>>>>

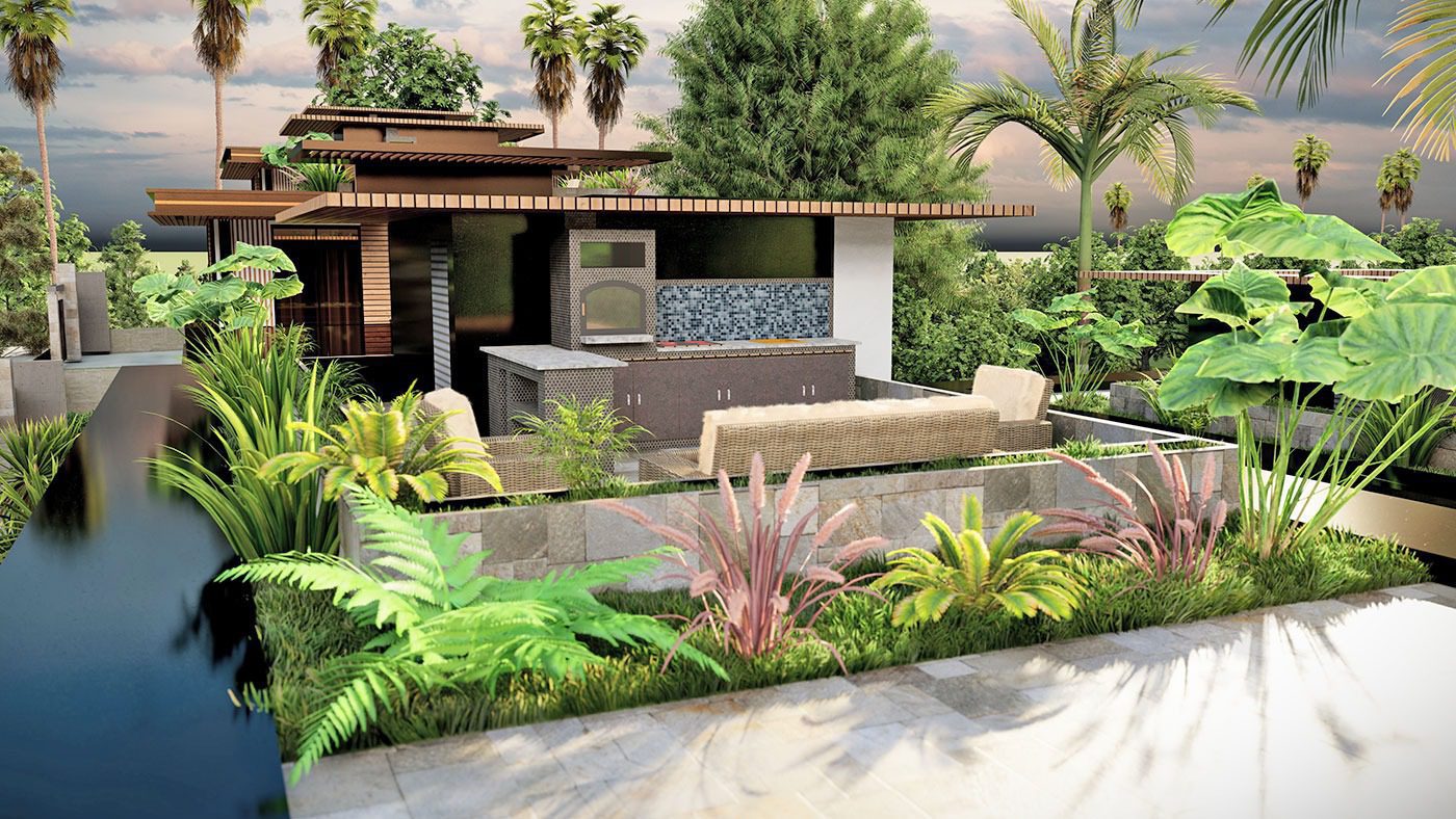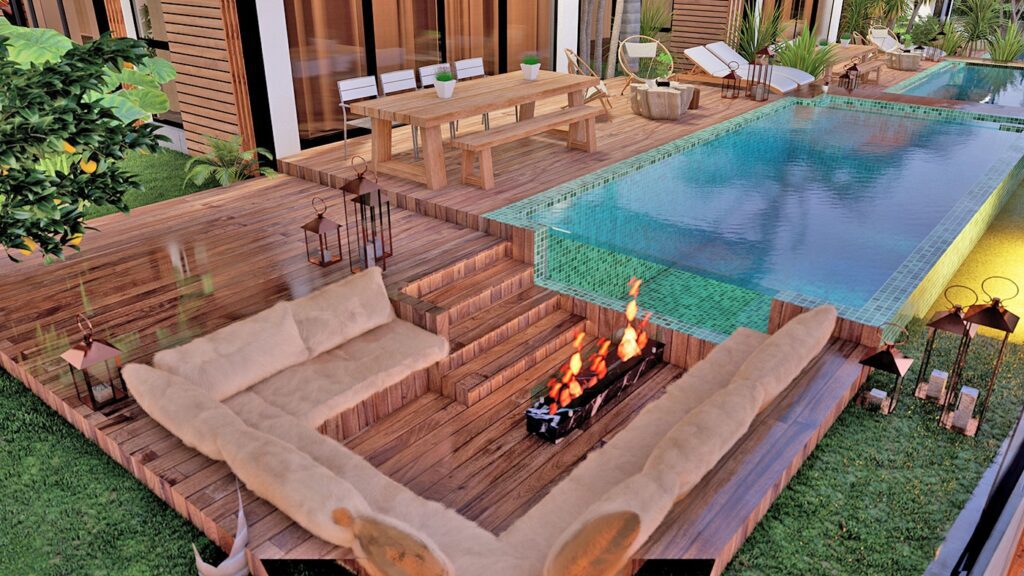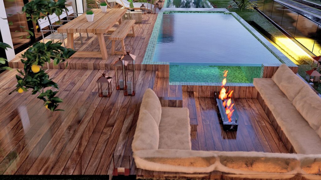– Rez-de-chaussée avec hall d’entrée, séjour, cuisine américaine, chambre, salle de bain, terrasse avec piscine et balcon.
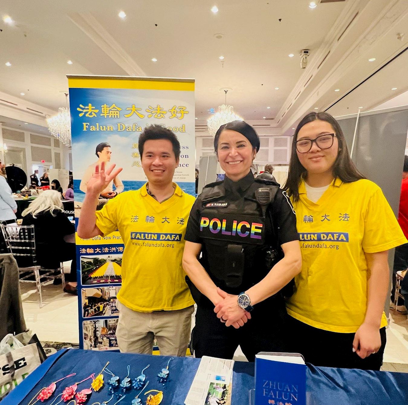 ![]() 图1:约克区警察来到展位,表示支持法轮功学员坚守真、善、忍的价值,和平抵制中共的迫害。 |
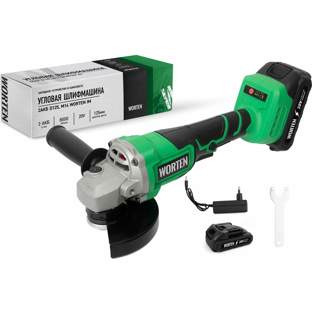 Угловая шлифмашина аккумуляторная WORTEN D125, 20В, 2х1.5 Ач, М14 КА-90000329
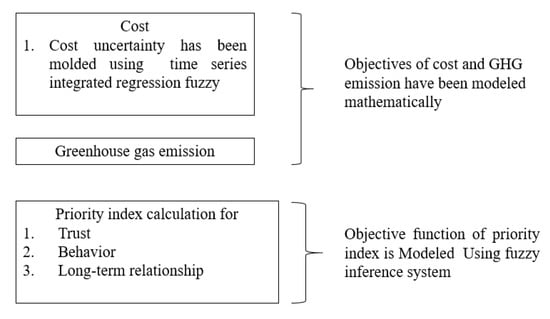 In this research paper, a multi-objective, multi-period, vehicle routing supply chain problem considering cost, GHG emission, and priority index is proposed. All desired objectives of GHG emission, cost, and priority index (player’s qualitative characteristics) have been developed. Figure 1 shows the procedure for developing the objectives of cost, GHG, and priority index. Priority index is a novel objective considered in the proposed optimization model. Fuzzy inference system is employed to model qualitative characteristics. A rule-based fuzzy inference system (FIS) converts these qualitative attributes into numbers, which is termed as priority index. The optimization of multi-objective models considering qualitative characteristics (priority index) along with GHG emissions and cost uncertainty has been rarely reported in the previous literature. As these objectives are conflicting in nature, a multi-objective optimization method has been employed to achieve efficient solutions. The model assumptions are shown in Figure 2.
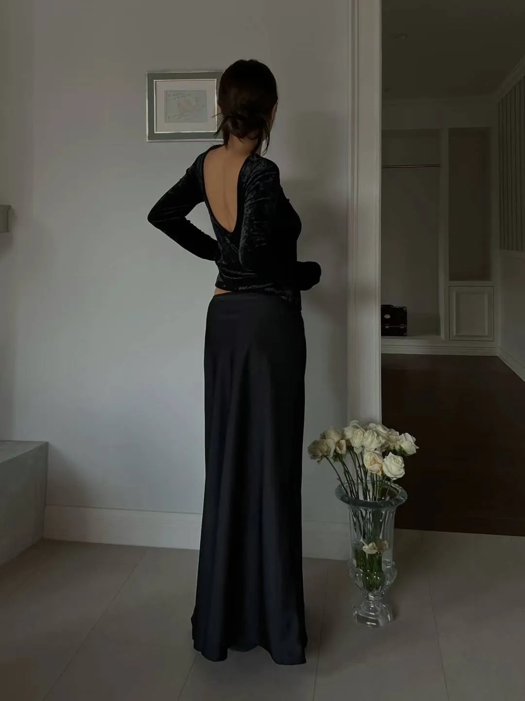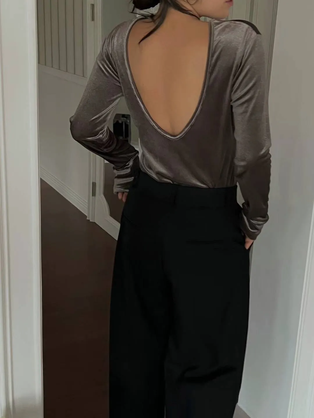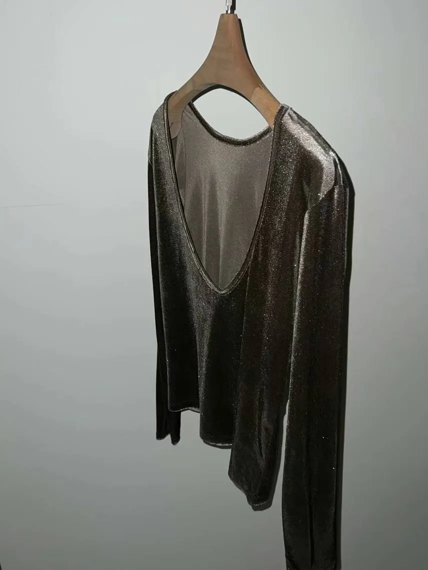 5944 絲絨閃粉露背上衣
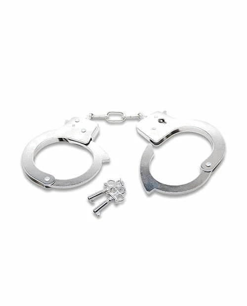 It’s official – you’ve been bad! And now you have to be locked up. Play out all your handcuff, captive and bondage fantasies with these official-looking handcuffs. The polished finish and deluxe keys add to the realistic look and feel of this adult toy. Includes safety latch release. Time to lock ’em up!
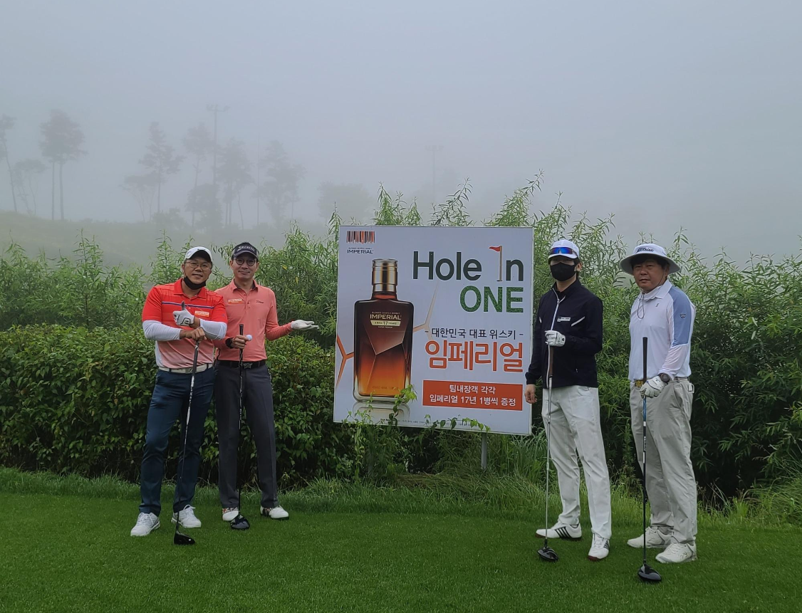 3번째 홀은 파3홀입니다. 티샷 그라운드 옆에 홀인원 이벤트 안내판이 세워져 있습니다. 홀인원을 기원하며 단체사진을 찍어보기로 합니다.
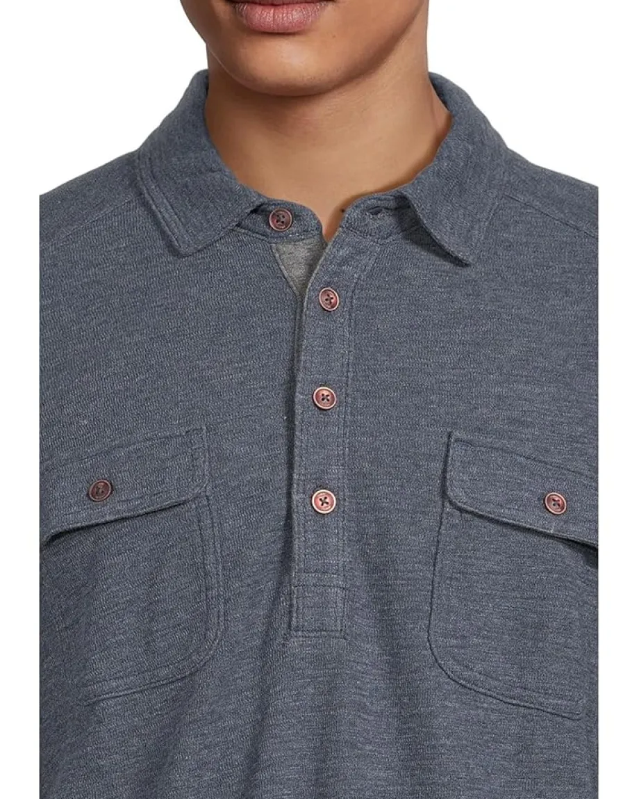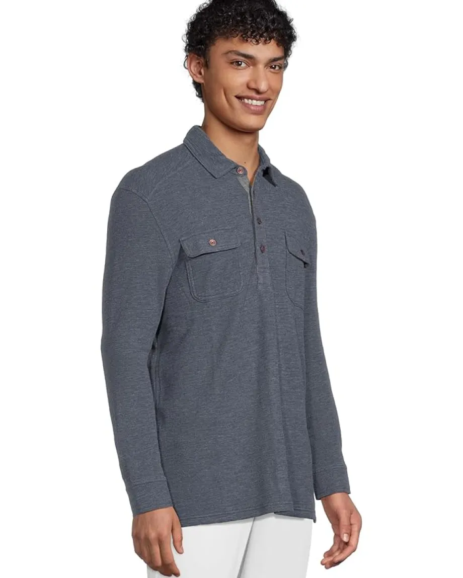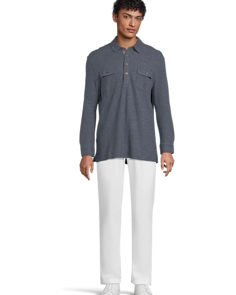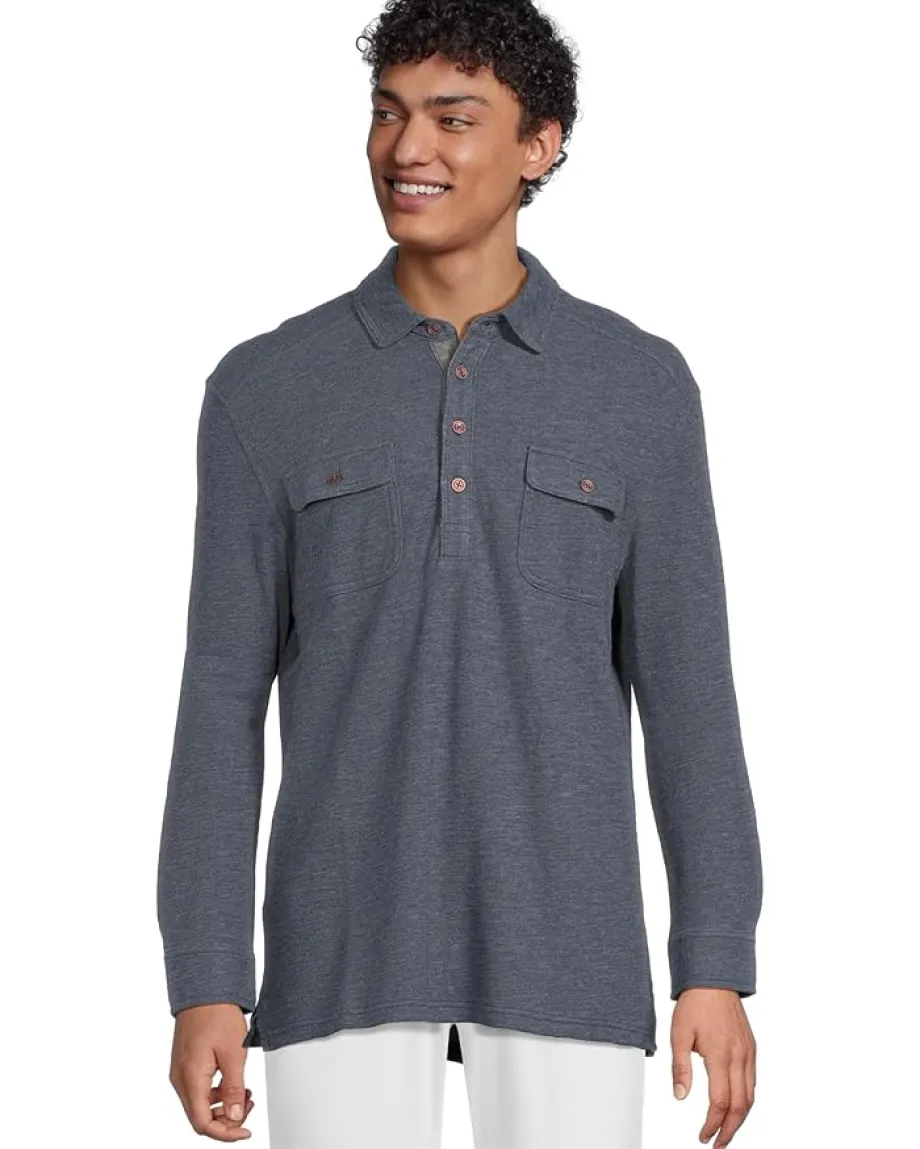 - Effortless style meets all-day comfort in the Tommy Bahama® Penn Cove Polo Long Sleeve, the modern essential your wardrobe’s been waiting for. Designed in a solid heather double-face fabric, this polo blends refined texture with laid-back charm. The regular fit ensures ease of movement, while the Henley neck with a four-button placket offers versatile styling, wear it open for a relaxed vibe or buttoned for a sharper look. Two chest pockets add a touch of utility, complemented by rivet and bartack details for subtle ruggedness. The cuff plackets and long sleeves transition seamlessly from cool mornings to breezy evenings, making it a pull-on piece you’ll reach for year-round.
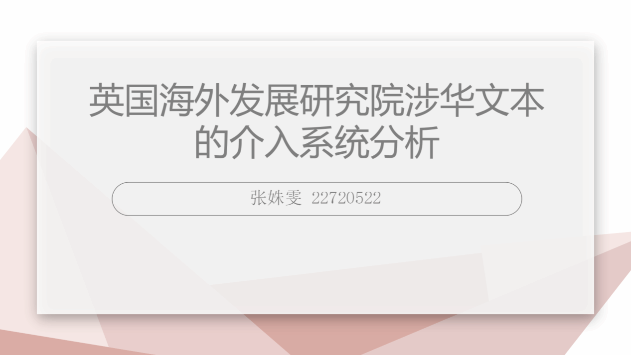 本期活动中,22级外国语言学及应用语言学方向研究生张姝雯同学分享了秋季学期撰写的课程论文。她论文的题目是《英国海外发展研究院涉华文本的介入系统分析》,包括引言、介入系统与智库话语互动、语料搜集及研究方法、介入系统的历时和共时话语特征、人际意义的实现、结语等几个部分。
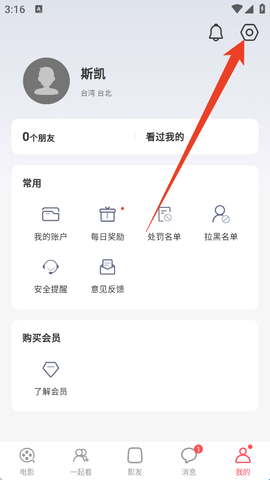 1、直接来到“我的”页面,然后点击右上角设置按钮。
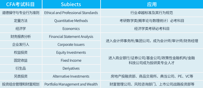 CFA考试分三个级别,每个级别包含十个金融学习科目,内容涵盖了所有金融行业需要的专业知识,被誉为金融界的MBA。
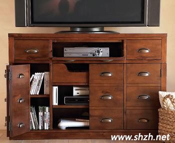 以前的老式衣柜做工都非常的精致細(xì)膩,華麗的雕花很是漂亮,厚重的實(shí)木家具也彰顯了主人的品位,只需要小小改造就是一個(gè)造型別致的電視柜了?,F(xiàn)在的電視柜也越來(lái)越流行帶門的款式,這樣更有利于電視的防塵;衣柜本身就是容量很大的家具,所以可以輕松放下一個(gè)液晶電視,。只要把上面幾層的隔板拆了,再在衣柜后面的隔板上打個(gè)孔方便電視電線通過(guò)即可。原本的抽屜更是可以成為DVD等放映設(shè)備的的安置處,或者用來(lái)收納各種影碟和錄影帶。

<<<<

__Aim of the exercise__: Your answer must be an exact copy of the lines from the one with "CFA考试分三个级别,每个级" through the final line of the data, both included, without any pictures.

__Output__:
 CFA考试分三个级别,每个级别包含十个金融学习科目,内容涵盖了所有金融行业需要的专业知识,被誉为金融界的MBA。
 以前的老式衣柜做工都非常的精致細(xì)膩,華麗的雕花很是漂亮,厚重的實(shí)木家具也彰顯了主人的品位,只需要小小改造就是一個(gè)造型別致的電視柜了?,F(xiàn)在的電視柜也越來(lái)越流行帶門的款式,這樣更有利于電視的防塵;衣柜本身就是容量很大的家具,所以可以輕松放下一個(gè)液晶電視,。只要把上面幾層的隔板拆了,再在衣柜后面的隔板上打個(gè)孔方便電視電線通過(guò)即可。原本的抽屜更是可以成為DVD等放映設(shè)備的的安置處,或者用來(lái)收納各種影碟和錄影帶。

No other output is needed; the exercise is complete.